ゴハじいさんはその場をそっと逃げ出します。
冷静な判断力があるゴハじいさんです。
<だんまりのゴハおじさん>
日本だけでなく多くの外国にもある類似の話です。
ロバに、どちらがえさをやるかでいいあらそったゴハおじさん夫婦。先にしゃべった方がえさをやることに。
ゴハおじさんの家に泥棒がはいりますが、ゴハおじさんは泥棒をみているだけ。泥棒がゴハおじさんのかぶっているターバンをとってもだまったまま。
泥棒と入れ替わりに入ってきたのは、おくさんから身振り手振りで頼まれたスープをもってきた、友達の息子。
ゴハおじさんは返事をしません。身振り手振りで泥棒がっ入ったことを伝えようと自分の頭をゆびさします。すると男の子は頭にスープをかけてほしいと思い込み、そのとおりにします。あついスープが顔を流れ落ちます。
かえってきたおくさんが、ゴハおじさんの顔を見て「いったいぜんたい、なにがあったんです!」というと、ゴハおじさんは勝利宣言。「わしの勝ちだ! さあ、ロバにえさをやってきておくれ!」
<ゴハおじさんと三人の賢者>
「この町には、どんなむずかしい質問にもこたえられる、かしこい人がいますかな」と、三人の賢者からたずねられた領主。
ここでゴハおじさんの出番です。
三人の賢者の質問は?
「地球のまんなかは、さてどこでしょう?」
「空にはほしがいくつあるのでしょう?」
「わたしの頭に髪がなんぼんはえているかおしえてくだされ?」
この質問に答えられたら、あなたも昔話の主人公になれそうですよ。
「まともにに答えられない質問には、どんなふうに答えても、正解なんですよ!」と、ゴハおじさんなかなかユニークです。知恵をほこる賢者は何を考えたでしょうか。
子どもつなひき騒動/宝井 琴調・文 ささめや ゆき・絵/福音館書店/2017年
講談絵本とあって、読んでいると講談の名調子がそのままつたわってきます。
小間物屋の若狭屋甚兵衛に離縁されたお里さんに生まれた女の子。名前は花。甚兵衛さんが実の父親です。

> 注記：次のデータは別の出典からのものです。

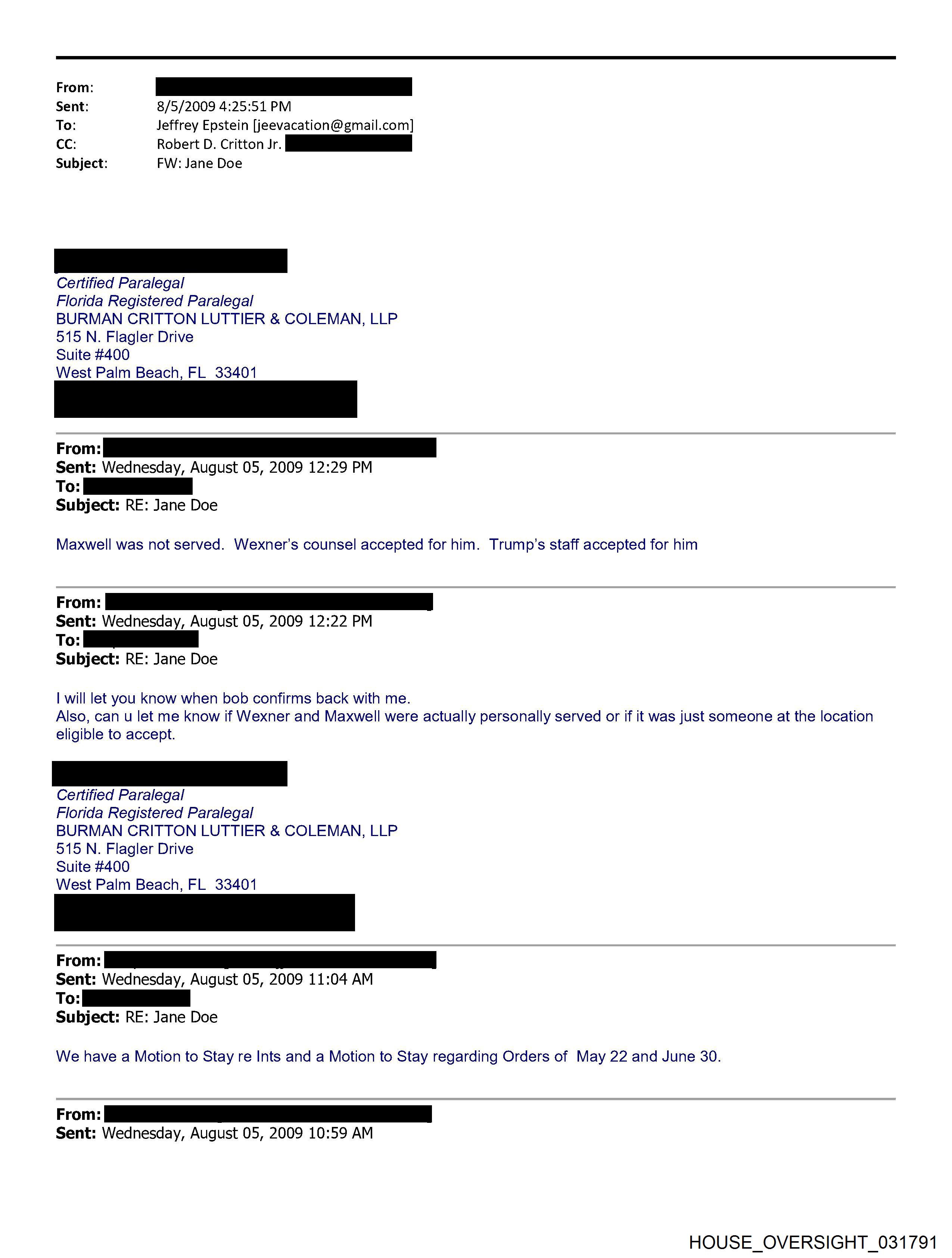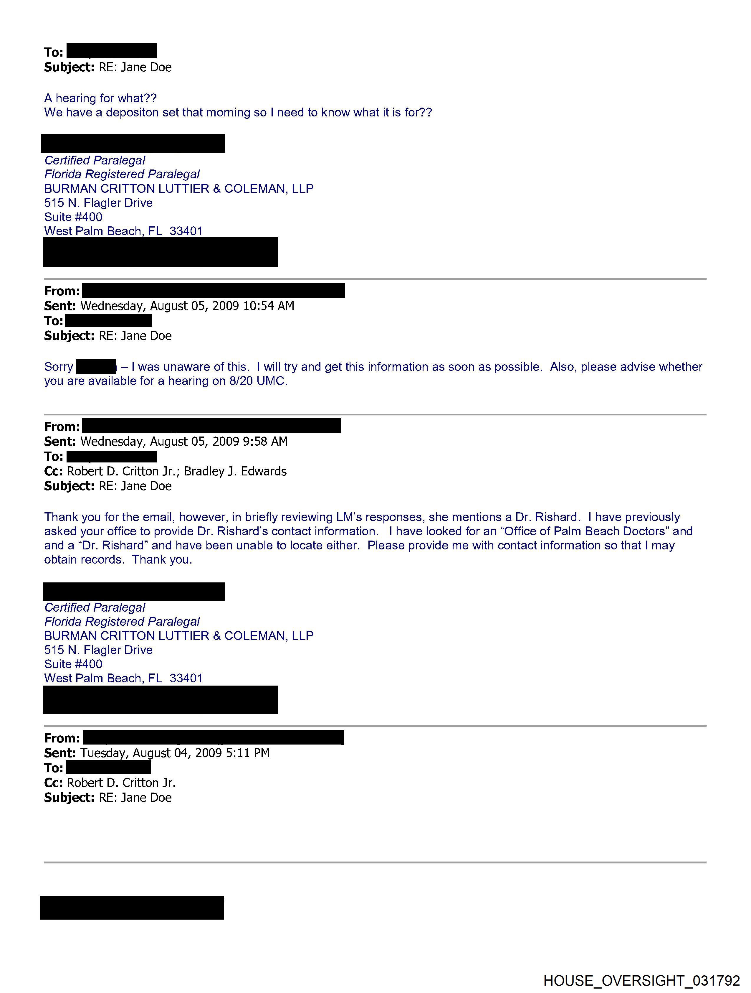 From: [REDACTED] Sent: Tuesday, August 04, 2009 5:11 PM To: [REDACTED] Cc: Robert D. Critton Jr. Subject: RE: Jane Doe [BLANK] From: [REDACTED] Sent: Wednesday, August 05, 2009 9:58 AM To: [REDACTED] Cc: Robert D. Critton Jr.; Bradley J. Edwards Subject: RE: Jane Doe Thank you for the email, however, in briefly reviewing LM's responses, she mentions a Dr. Rishard. I have previously asked your office to provide Dr. Rishard's contact information. I have looked for an "Office of Palm Beach Doctors" and and a "Dr. Rishard" and have been unable to locate either. Please provide me with contact information so that I may obtain records. Thank you. [REDACTED] Certified Paralegal Florida Registered Paralegal BURMAN CRITTON LUTTIER & COLEMAN, LLP 515 N. Flagler Drive Suite #400 West Palm Beach, FL 33401 [REDACTED] From: [REDACTED] Sent: Wednesday, August 05, 2009 10:54 AM To: [REDACTED] Subject: RE: Jane Doe Sorry [REDACTED] I was unaware of this. I will try and get this information as soon as possible. Also, please advise whether you are available for a hearing on 8/20 UMC. From: [REDACTED] Sent: Wednesday, August 05, 2009 10:59 AM To: [REDACTED] Subject: RE: Jane Doe A hearing for what?? We have a depositon set that morning so I need to know what it is for?? [REDACTED] Certified Paralegal Florida Registered Paralegal BURMAN CRITTON LUTTIER & COLEMAN, LLP 515 N. Flagler Drive Suite #400 West Palm Beach, FL 33401 [REDACTED] From: [REDACTED] Sent: Wednesday, August 05, 2009 11:04 AM To: [REDACTED] Subject: RE: Jane Doe We have a Motion to Stay re Ints and a Motion to Stay regarding Orders of May 22 and June 30. From: [REDACTED] Sent: Wednesday, August 05, 2009 12:22 PM To: [REDACTED] Subject: RE: Jane Doe I will let you know when bob confirms back with me. Also, can u let me know if Wexner and Maxwell were actually personally served or if it was just someone at the location eligible to accept. [REDACTED] Certified Paralegal Florida Registered Paralegal BURMAN CRITTON LUTTIER & COLEMAN, LLP 515 N. Flagler Drive Suite #400 West Palm Beach, FL 33401 [REDACTED] From: [REDACTED] Sent: Wednesday, August 05, 2009 12:29 PM To: [REDACTED] Subject: RE: Jane Doe Maxwell was not served. Wexner's counsel accepted for him. Trump's staff accepted for him From: [REDACTED] Sent: 8/5/2009 4:25:51 PM To: Jeffrey Epstein [jeeyacation@gmail.com] CC: Robert D. Critton Jr. Subject: FW: Jane Doe [REDACTED] Certified Paralegal Florida Registered Paralegal BURMAN CRITTON LUTTIER & COLEMAN, LLP 515 N. Flagler Drive Suite #400 West Palm Beach, FL 33401 [REDACTED] [BLANK] HOUSE OVERSIGHT 031791 HOUSE OVERSIGHT 031792

甚兵衛さんは、お絹さんという女の人といっしょになりましたが、お絹さんはこどもに恵まれません。
ある日、お花が熱を出しますが、高い薬を買うお金がありません。やむをえず、若狭屋にかけこみますが、お金を貸してもらう代わりに、こどもを引き取るのが条件。助けたい一心から、お里さんは条件をのみます。
しかしどうしてもあきらめきれないお里さんのところへ、目にいっぱい涙をためたお花がやってきます。
お里さんは手をつけずにいたお金を若狭屋にかえし、お花と暮らす道を選びますが、これに納得しないお絹さんは奉行所に願い出ます。
ここで大岡越前守の登場です。
両者に子どもの手をひかせ・・・。
こどもの手をひきあうのは、生みの親と育ての親というのが多いのですが、子を手離した母親のところへ、母親が恋しい子がたずねてきて裁判沙汰になります。
以前はラジオで講談を聞く機会があったように思いますが、最近はほとんどきくことができません。
「これにて一件落着・・」の名セリフ、もう一度聞きたいですね。
お絹さんが五歳になったお花をひきとりたいと、手代をお里さんに使いにやりますが、この手代がいうセリフは、講談ならではでしょう。